The overall presision is 67%. In other words, the model correctly predicts journals for two out of three abstracts. While this may appear not very impressive, I think it is not actually that bad. We are trying to predict one from seventeen categories based on very complex and noisy data. For me as a human, even though former astronomer, it would be a challenging task to guess the publishing journal at this accuracy. There is no direct reason for the abstracts in ,for example, "The Astrophysical Journal" to be too much different from those published in "Astronomy & Astrophysics". However, the model have found the way to do a good job by figuring out features, which reflects such subtile aspects as editing styles, possible differences in terminology, regional differences, etc.

It is also interesing to look at the confusion matrix: First, the model is doing a great job in guessing the group of the journal. There are at least two major groups of journals, which can be defined as astrophysical group (Astronomy & Astrophysics, "The Astrophysical Journal", "Monthly Notices of the Royal Astronomical Society" and their Letters counterparts) and planetary and Earth sciences ("Earth and Planetary Science Letters", "Geochimica et Cosmochimica Acta", "Geophysical Research Letters", "Icarus") group. Also, the "Classical and Quantum Gravity" and "Physical Review D" may present a small group related to general physics. The prediction for a journal in a group with high probability falls into the same group. This shows that the model does distinguish between texts which belong to different subdivisions of natural sciences.

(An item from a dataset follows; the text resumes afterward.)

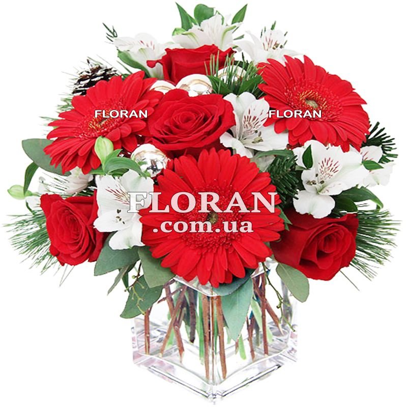 3 червоні гербери, 4 червоні троянди, 4 білі альстромерії, 6 ялинкових куль, зелень, упаковка
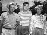 The 1946 Abilene Invitation Golf Tournament is being held in Abilene, Texas. Competing for the trophy, left to right, are Raymond Marshall, Bill Davidson, and G. C. Osborne Junior. Mr. Marshall, of Lubbock, Texas, is dressed in a fedora, golf shirt, and trousers. Mr. Davidson, of Odessa, Texas, is wearing a striped shirt and trousers. Mr. Osborne, of Abilene, Texas, is dressed in a flat cap, plaid shirt, and trousers. They are all standing next to each other and pose for a picture. Published in the Fort Worth Star-Telegram.

Another thing to notice is, as expected, the smaller the number of astracts, the poorer the performance. For some journals we even have zero precision, like "Monthly Notices of the Royal Astronomical Society: Letters". All of abstracts for this journal we classified either as the main journal (most cases) or other astrophysical journal. This may be fixed by balancing the training set or class weighting during the model fit.

We can also look at the most and the least important words in the corpus of astronomy abstracts:

Coefficient	More Important	Coefficient	Less Important
2.0431	iri	-0.6375	large
2.0154	gnss	-0.6103	source
1.9738	attitude	-0.5405	ssw
1.7598	satellite	-0.5331	find
1.6631	navigation	-0.4760	epb
1.3828	gps	-0.4564	new
1.3444	orbit	-0.4400	light
1.3148	positioning	-0.4385	instrument
1.2859	paper	-0.4301	wind
1.1731	performance	-0.4301	f
1.1602	ppp	-0.4263	meteor
1.1582	flight	-0.4244	tilde
1.1464	propose	-0.4191	ice
1.1376	space debris	-0.4146	2
1.1242	debris	-0.4131	plasma bubble
1.1001	hmf2	-0.4009	star
1.0918	station	-0.3935	scale
1.0765	fof2	-0.3932	mstids
1.0680	design	-0.3927	galaxy

The first and the third colums showing the words preceeded by corresponding coefficient, which is show the features "wight" in the model prediction. We can see that the terms which have more narrow specific meaning, like "satellite", "navigation", "orbit", and abbreviations like GPS or IRI (International Reference Ionosphere) are among the most important model features, while the general terms like "source", "light", "instrument", "scale" are among the least important.

Conclusion¶

I this post I applied the natural language processing to a set of scientific abstracts. I have created a model that is able to correctly predict the journal which have published the paper. This shows the power of NLP as classification tool to identify a text as relevant to particular scientific field.